Mucoadhesive microspheres of chitosan and polyvinyl alcohol as a carrier for intranasal delivery of insulin: in vitro and in vivo studies

The aim of this study was to investigate the capabilities of chitosan microspheres as drug carrier system in co-formulation with polyvinyl alcohol (PVA), to improve the systemic absorption of intranasal insulin delivery. Insulin loaded microspheres was developed from varying ratio of chitosan solutions along with polyvinyl alcohol (PVA) as additive polymer using spray drying method. Different formulations were developed and morphological studies of the optimized formulas showed that the size range of spherical shaped particulate matters existed from 200 nm to 2 mm. It was clearly observed that physicochemical properties of the microspheres were extensively affected by changing the concentration ratio of the two polymeric materials. In vitro studies of insulin release pattern was performed in various time intervals up to 24 h. It was evident that microspheres made up of chitosan showed initial burst release but slower release as the experiment continued. Microspheres made up of combination of the aforementioned two polymers had instant, sharp and burst drug release. Surprisingly there was no absorption after intranasal delivery of chitosan-PVA microspheres in groups of rats comparing to formulated chitosan microspheres having profound absorption due to their smaller particle size, slower drug release rate and better mucoadhesive properties.

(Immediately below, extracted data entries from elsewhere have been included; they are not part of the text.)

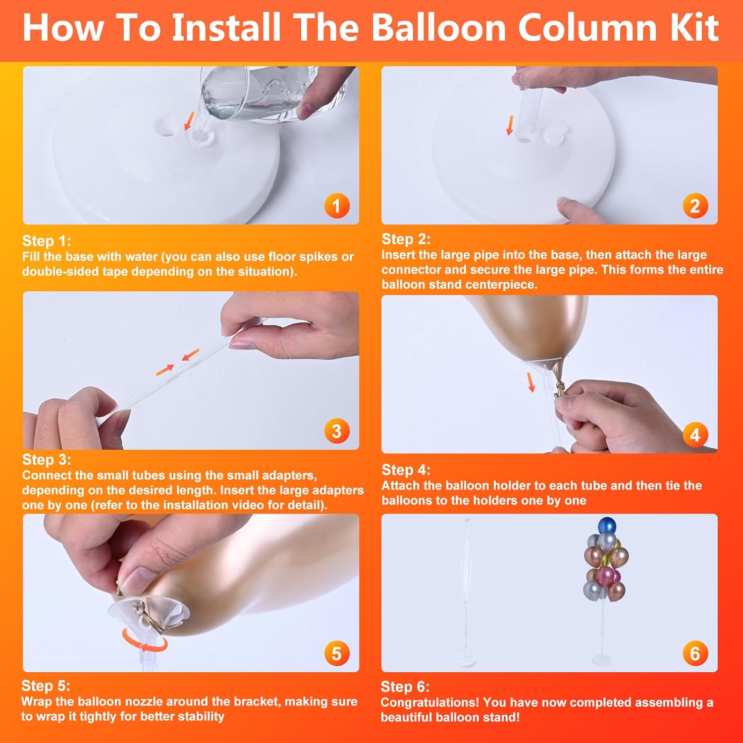 - [DIY Design] - Quick and Easy Assembly: It Only Takes A Few Minutes to Assemble A Beautiful Balloon Decoration. We recommend using 10-12 inch balloons to create stunning balloon arches for your party. The balloon stand can reach a maximum height of 62 inches, and you can adjust the height by reducing the tube. Note that the balloon arch kit does not include balloons. You can search KATBUU Balloons to get party balloons.
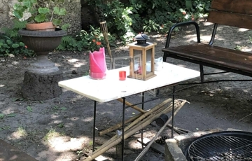 A parkoló mellett egy kb. 100 m²-es közös kert található, grillezésre és pihenésre kialakítva, gazdag, dús növényzettel. A praktikumot tovább növeli a biciklitároló kerti csap és lehetőség van hintát vagy függő ágyat is feltenni.
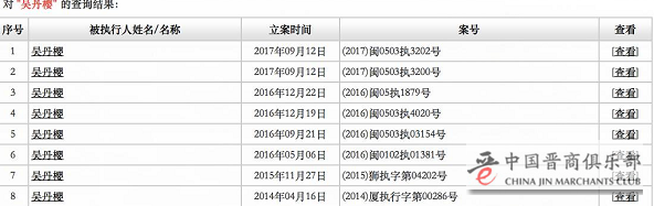 最高人民法院系统显示,吴丹樱先后8次成为失信被执行人。
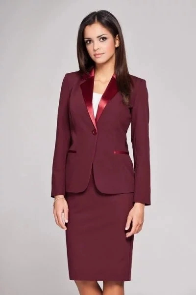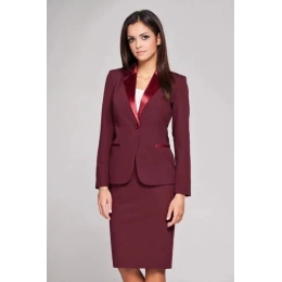 Damski elegancki żakiet M154 FIGL ozdobiony błyszczącym kołnierzem, klapami i kieszeniami. Żakiet ma długie rękawy i zapinany jest na jeden guzik. Żakiet wykonany jest z wygodnego materiału, który nie gniecie się.
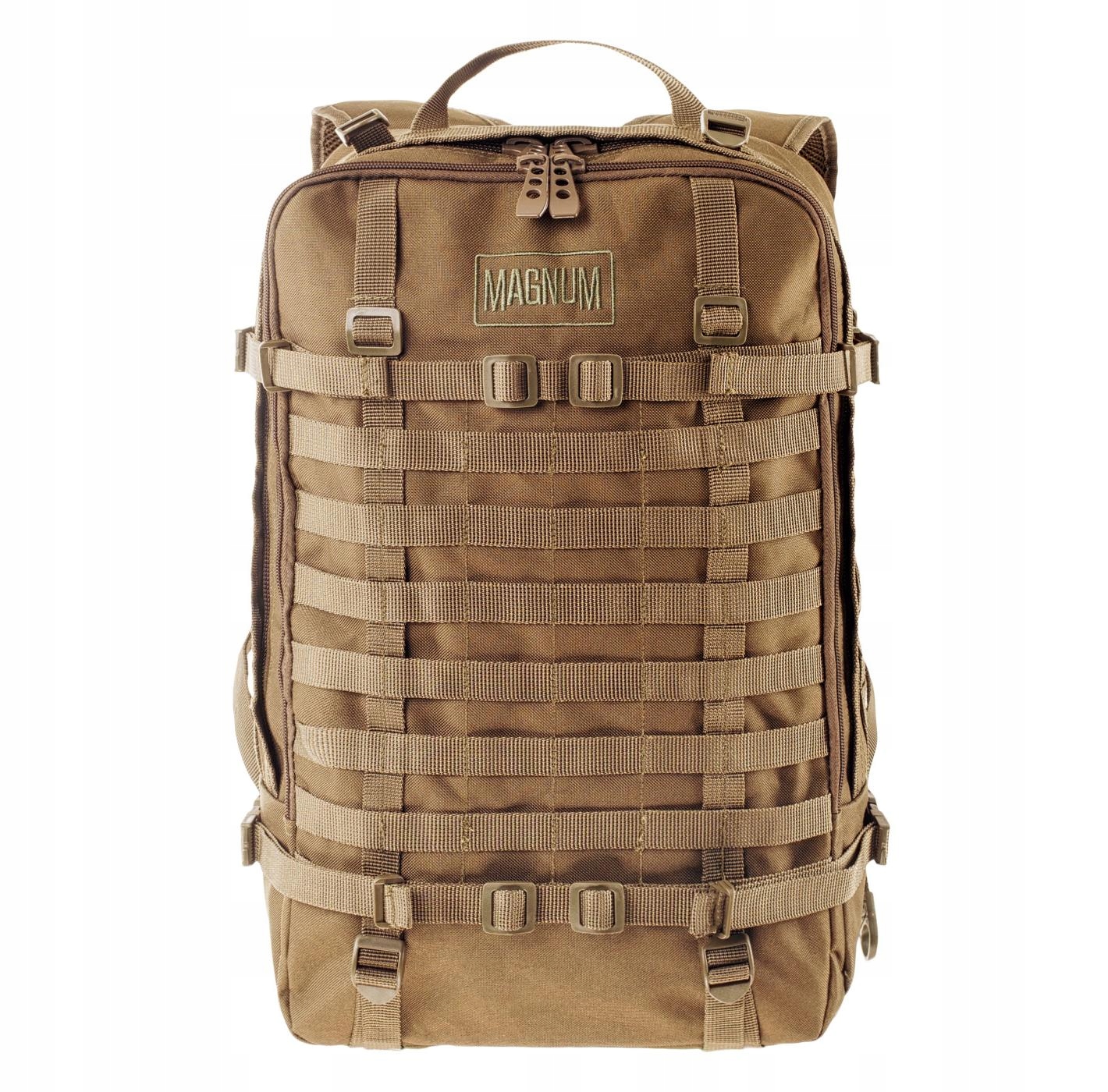 Magnum Taiga 45L -це рюкзак, який має ємність головної камери , відкрита з двоповерховим замком. Ви можете легко упакувати всі необхідні речі. Наступний кишеню був розміщений організатор, , який буде організовувати предмети всередині. У головній кишені ви можете упакувати пляшку з водою з водою, яка сприятиме зрошенню під час довгого маршу. Magnum Taiga 45L має Molle System , що дозволяє прикріпити додаткові елементи поза рюкзаком. ремінь стегна, регульовані, підкладені брекети та пінопластові панелі на задній частині збільшують комфорт використання.
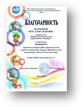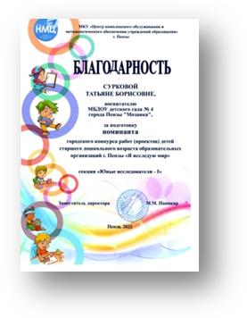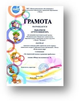 Воспитанники подготовительных к школе групп впервые в этом году поучаствовали в городском конкурсе работ (проектов) детей старшего дошкольного возраста образовательных организаций г. Пензы «Юные исследователи». Это Кобляков Матвей (группа «Непоседы») с названием работы «Откуда берётся кислород?», Кохан Ксения (группа «Веснушки») с работой «Тайны любимого лакомства» и Рыбачков Артём (группа «Умники и умницы») с работой «Живая и мёртвая вода: лгут ли сказки?». Двое были отмечены в номинациях «Юный исследователь природы» и «За творческий подход в решении проблемы».
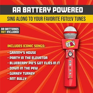 Be like FGTeeV with this voice-changin' microphone featuring hit sound effects and music from his top YouTube videos! #BeLikeFGTeeV and record your voice as yourself or use three different fun, disguised voices while mixing in sound effects and drops of hit FGTeeV music tracks. Play it all back for a one-of-a-kind FGTeeV experience!
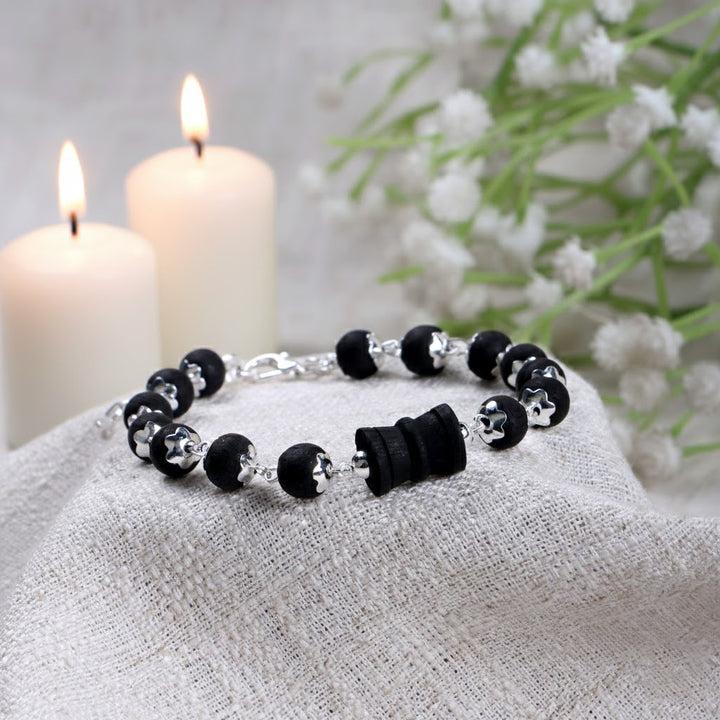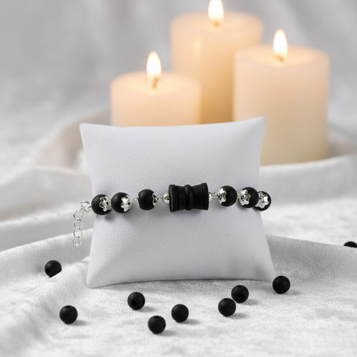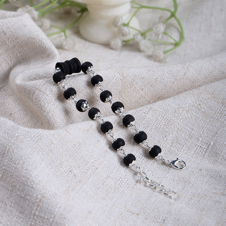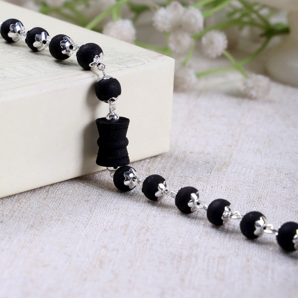 • Color: Natural Black Karungali Beads with Silver Accents
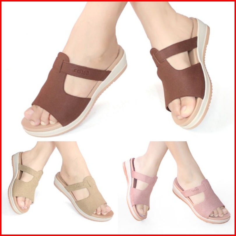 Sandal Wanita Wedges Sendal Cewek Selop Slop Teplek Karet Kondangan Kekinian Terbaru Elegan 2025 L06
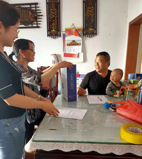 [上圖為上圖為財稅部李霞娟經(jīng)理走訪黃山權(quán)敢勞務(wù)有限公司經(jīng)理王連生并送上感恩禮包。]
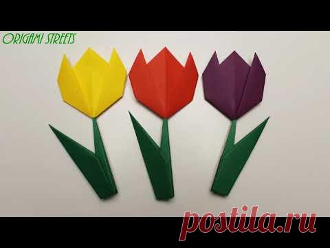 Как сделать тюльпан из бумаги. Оригами тюльпан.
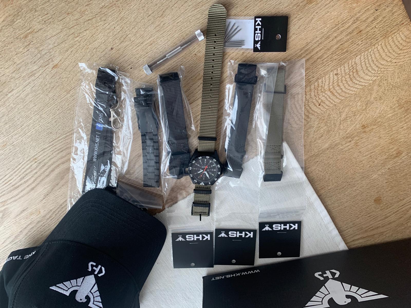 | MATERIAAL EN TYPE HORLOGEBAND: | Nylon KHS NATO-band in steen/groen. Ook werden er extra KHS-horlogebanden bijgeleverd. |
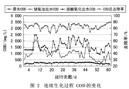 连续生化试验历时3个月,其中填料挂膜驯化期约30d,驯化稳定期可观察到粘附在填料上的生物膜结构密实、污泥絮体成球状。对生物接触氧化池内的填料进行显微镜观察,若发现有大量菌胶团存在,说明生物膜基本驯化成功,污泥沉降性能良好,可进行连续试验。试验结果见图2。

Therefore, significant reduction in the plasma blood glucose level for chitosan based optimized formulation was seen right after 4.5 hours compared with control group. The aim of the present study was to fabricate an appropriate application of polymeric microspheres for intranasal delivery of insulin using a novel optimized formulation based on industrial level spray drying technique and to realize the possible barriers in scale up process of its large scale production, considering the effectiveness of polyvinyl alcohol (PVA) and chitosan to increase mucoadhesivness, gelling ability and ultimately effective release behavior pattern of insulin. According to this study, the combination of the polymers used and the mean particle size of formulated microspheres were found to be key factors in insulin drug release resulting for further enhancement of insulin absorption via intranasal route of delivery.